The answer is to be an exact copy of the lines below running from the line with "第三步,在这里找到墙上的【蜡烛】并用适才的火炬点燃" down to the line with "Edirne'nin Enez ilçesinde", both ends included, and nothing more.

Source material
<<<<
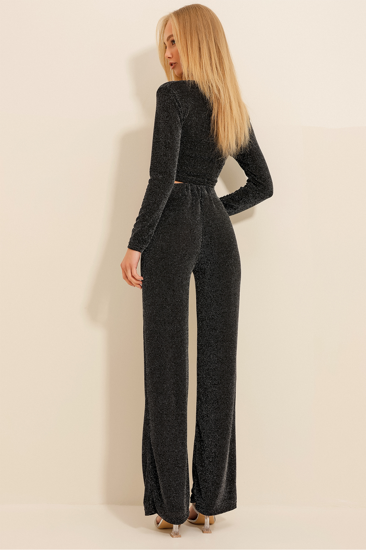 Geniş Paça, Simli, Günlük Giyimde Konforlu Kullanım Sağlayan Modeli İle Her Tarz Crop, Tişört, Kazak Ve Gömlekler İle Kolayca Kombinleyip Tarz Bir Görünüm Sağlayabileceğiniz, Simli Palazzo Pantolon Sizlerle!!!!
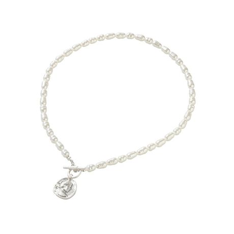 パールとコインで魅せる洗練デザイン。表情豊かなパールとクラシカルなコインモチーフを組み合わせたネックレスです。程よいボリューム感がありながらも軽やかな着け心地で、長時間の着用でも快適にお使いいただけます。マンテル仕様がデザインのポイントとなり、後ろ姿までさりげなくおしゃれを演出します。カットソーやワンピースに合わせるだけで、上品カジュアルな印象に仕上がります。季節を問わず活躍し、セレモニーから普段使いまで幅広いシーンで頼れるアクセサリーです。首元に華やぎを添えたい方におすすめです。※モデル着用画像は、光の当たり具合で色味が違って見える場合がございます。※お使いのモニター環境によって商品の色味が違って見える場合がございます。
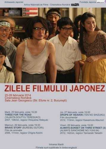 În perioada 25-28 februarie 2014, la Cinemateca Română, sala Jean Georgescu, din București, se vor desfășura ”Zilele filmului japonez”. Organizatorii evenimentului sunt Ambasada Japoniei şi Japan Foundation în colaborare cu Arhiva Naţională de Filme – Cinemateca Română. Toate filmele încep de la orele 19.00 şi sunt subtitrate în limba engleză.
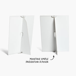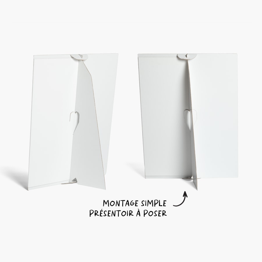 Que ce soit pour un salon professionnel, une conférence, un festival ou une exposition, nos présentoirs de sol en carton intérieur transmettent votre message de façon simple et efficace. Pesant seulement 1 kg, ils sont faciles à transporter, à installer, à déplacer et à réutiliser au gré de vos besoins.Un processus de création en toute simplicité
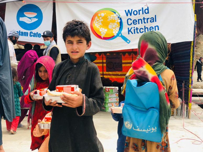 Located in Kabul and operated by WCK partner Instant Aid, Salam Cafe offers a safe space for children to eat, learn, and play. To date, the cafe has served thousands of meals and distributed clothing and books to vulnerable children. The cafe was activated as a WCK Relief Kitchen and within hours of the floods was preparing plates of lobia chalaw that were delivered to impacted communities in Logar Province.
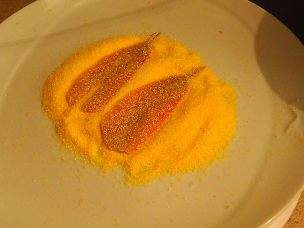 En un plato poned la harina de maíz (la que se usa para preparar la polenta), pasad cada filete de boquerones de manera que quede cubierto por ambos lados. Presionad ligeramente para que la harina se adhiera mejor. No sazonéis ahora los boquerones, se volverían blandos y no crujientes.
>>>>
<<<<
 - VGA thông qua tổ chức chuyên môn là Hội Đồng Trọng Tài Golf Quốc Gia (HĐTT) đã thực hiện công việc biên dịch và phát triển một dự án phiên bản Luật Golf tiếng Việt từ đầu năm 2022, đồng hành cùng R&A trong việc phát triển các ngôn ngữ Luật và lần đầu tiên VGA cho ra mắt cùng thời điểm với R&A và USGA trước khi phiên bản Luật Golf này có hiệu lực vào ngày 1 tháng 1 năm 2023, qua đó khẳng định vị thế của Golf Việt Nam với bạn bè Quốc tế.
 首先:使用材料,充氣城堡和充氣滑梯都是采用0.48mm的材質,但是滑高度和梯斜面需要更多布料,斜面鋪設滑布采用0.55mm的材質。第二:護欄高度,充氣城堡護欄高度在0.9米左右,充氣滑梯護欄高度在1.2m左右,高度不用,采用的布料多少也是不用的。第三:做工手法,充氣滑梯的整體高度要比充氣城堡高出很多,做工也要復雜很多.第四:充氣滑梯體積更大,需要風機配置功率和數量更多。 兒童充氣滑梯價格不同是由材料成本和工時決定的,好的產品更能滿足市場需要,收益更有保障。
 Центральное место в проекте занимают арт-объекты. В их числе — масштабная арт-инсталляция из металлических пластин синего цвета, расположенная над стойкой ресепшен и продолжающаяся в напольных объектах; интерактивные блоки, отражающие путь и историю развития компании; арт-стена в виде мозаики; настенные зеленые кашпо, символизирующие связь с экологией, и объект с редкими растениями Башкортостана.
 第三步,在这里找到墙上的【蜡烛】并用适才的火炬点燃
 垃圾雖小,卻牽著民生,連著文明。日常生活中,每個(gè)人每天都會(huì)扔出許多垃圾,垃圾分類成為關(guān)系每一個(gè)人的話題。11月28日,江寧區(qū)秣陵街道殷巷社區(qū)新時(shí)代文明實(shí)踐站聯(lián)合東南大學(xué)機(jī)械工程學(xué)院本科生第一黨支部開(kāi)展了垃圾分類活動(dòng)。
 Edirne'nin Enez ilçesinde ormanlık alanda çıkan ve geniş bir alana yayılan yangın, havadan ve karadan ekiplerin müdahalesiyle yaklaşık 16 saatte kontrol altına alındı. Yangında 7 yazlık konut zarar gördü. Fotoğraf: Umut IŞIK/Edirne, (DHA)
>>>>
<<<<
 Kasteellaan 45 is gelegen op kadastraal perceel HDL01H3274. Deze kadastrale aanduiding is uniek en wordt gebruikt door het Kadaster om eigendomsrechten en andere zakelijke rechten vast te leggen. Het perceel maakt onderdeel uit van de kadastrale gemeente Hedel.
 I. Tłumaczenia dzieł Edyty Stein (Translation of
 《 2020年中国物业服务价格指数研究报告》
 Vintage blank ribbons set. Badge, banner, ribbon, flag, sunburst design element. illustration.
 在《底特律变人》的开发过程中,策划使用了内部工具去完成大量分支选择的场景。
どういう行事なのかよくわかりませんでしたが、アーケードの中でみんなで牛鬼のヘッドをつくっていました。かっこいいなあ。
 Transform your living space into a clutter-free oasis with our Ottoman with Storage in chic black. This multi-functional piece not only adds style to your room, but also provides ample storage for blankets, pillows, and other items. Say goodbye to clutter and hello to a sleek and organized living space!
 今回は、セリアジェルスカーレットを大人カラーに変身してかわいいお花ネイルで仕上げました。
>>>>
Reply
 第三步,在这里找到墙上的【蜡烛】并用适才的火炬点燃
 垃圾雖小,卻牽著民生,連著文明。日常生活中,每個(gè)人每天都會(huì)扔出許多垃圾,垃圾分類成為關(guān)系每一個(gè)人的話題。11月28日,江寧區(qū)秣陵街道殷巷社區(qū)新時(shí)代文明實(shí)踐站聯(lián)合東南大學(xué)機(jī)械工程學(xué)院本科生第一黨支部開(kāi)展了垃圾分類活動(dòng)。
 Edirne'nin Enez ilçesinde ormanlık alanda çıkan ve geniş bir alana yayılan yangın, havadan ve karadan ekiplerin müdahalesiyle yaklaşık 16 saatte kontrol altına alındı. Yangında 7 yazlık konut zarar gördü. Fotoğraf: Umut IŞIK/Edirne, (DHA)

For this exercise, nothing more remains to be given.